To solve this efficiently, we can use **modular arithmetic**. Specifically, we will find \( 7^n \mod 25 \) for \( n = 21, 22, 23, 24 \) and then sum the results, taking the remainder modulo 25.

### Step 1: Finding the Powers of 7 Modulo 25
We'll first compute powers of 7 modulo 25. Since powers of a number modulo another often exhibit a cyclic pattern, we'll begin by calculating:

\[
7^1 \mod 25 = 7
\]
\[
7^2 \mod 25 = 7 \times 7 = 49 \mod 25 = 24
\]
\[
7^3 \mod 25 = 7 \times 24 = 168 \mod 25 = 18
\]
\[
7^4 \mod 25 = 7 \times 18 = 126 \mod 25 = 1
\]

### Step 2: Identify the Cycle
At this point, we can see that after every four exponents, the powers of 7 modulo 25 repeat. This is because \( 7^4 \equiv 1 \mod 25 \). Therefore, we have a cycle:
- \( 7^1 \mod 25 = 7 \)
- \( 7^2 \mod 25 = 24 \)
- \( 7^3 \mod 25 = 18 \)
- \( 7^4 \mod 25 = 1 \)

### Step 3: Find \( 7^{21}, 7^{22}, 7^{23}, 7^{24} \mod 25 \)
Since the powers of 7 repeat every 4 terms, we can reduce the exponents \( 21, 22, 23, 24 \) modulo 4:
\[
21 \mod 4 = 1, \quad 22 \mod 4 = 2, \quad 23 \mod 4 = 3, \quad 24 \mod 4 = 0
\]

Thus:
- \( 7^{21} \equiv 7^1 \mod 25 = 7 \)
- \( 7^{22} \equiv 7^2 \mod 25 = 24 \)
- \( 7^{23} \equiv 7^3 \mod 25 = 18 \)
- \( 7^{24} \equiv 7^4 \mod 25 = 1 \)

### Step 4: Sum and Find the Remainder
Now we sum the results:
\[
7 + 24 + 18 + 1 = 50
\]

Finally, find the remainder when 50 is divided by 25:
\[
50 \mod 25 = 0
\]

### Conclusion:
The remainder when \( 7^{21} + 7^{22} + 7^{23} + 7^{24} \) is divided by 25 is \( \boxed{0} \).

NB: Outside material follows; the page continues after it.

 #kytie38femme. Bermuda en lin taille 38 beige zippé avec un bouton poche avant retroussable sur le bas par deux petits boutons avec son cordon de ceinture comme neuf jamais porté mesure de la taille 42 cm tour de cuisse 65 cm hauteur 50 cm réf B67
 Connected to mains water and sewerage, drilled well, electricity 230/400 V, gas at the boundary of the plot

Would you like further details on any part of this solution?

### Related Questions:
1. What is the general technique for finding powers of numbers modulo a given number?
2. How can Fermat's Little Theorem be applied in modular arithmetic problems?
3. What is the role of cyclic patterns in modular arithmetic?
4. How would this solution change if we had a different modulus, say 26 instead of 25?
5. What is Euler’s theorem, and how does it relate to modular exponentiation?

### Tip:
When dealing with large exponents in modular arithmetic, always look for patterns or cycles to simplify your calculations.

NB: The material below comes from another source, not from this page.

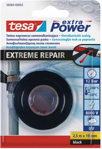 Samoprzylepna taśma samowulkanizująca TESA 56064 przeznaczona jest do bieżących napraw i uszczelnień. Taśma tworzy natychmiastowe hermetyczne uszczelnienie. Ze względu na silikonowy nośnik taśma charakteryzuje się doskonałą odpornością na wiele chemicznych substancji np. oleje, kwasy, rozpuszczalniki, słoną wodą, promieniowanie UV i skrajne temperatury. Zachowuje właściwości w temperaturach od -60°C do +260°C. Taśma jest elastyczna i może być stosowana na każdym rodzaju powierzchni, włączając powierzchnie wilgotne, ciepłe, brudne czy tłuste. Doskonałe sprawdzi się podczas napraw-uszczelnień rur, izolacji przewodów, pracach elektrycznych (Nie przewodzi prądu), sanitarnych, ogrodowych, hobbystycznych i innych. Poniżej przykład zastosowania taśmy samowulkanizującej TESA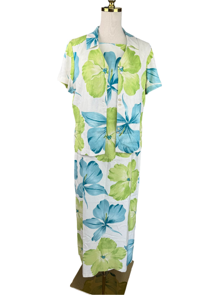 Tommy Bahama 100% Silk 2 Piece Hawaiian VINTAGE Sheath Dress Size Medium*

Find the remainder when 7^21 + 7^22 + 7^23 + 7^24 is divided by 25.

Learn how to solve a modular arithmetic problem involving large powers: 7^21 + 7^22 + 7^23 + 7^24 mod 25. This problem explores exponentiation and cyclic patterns in modular arithmetic. Suitable for students in Grades 11-12.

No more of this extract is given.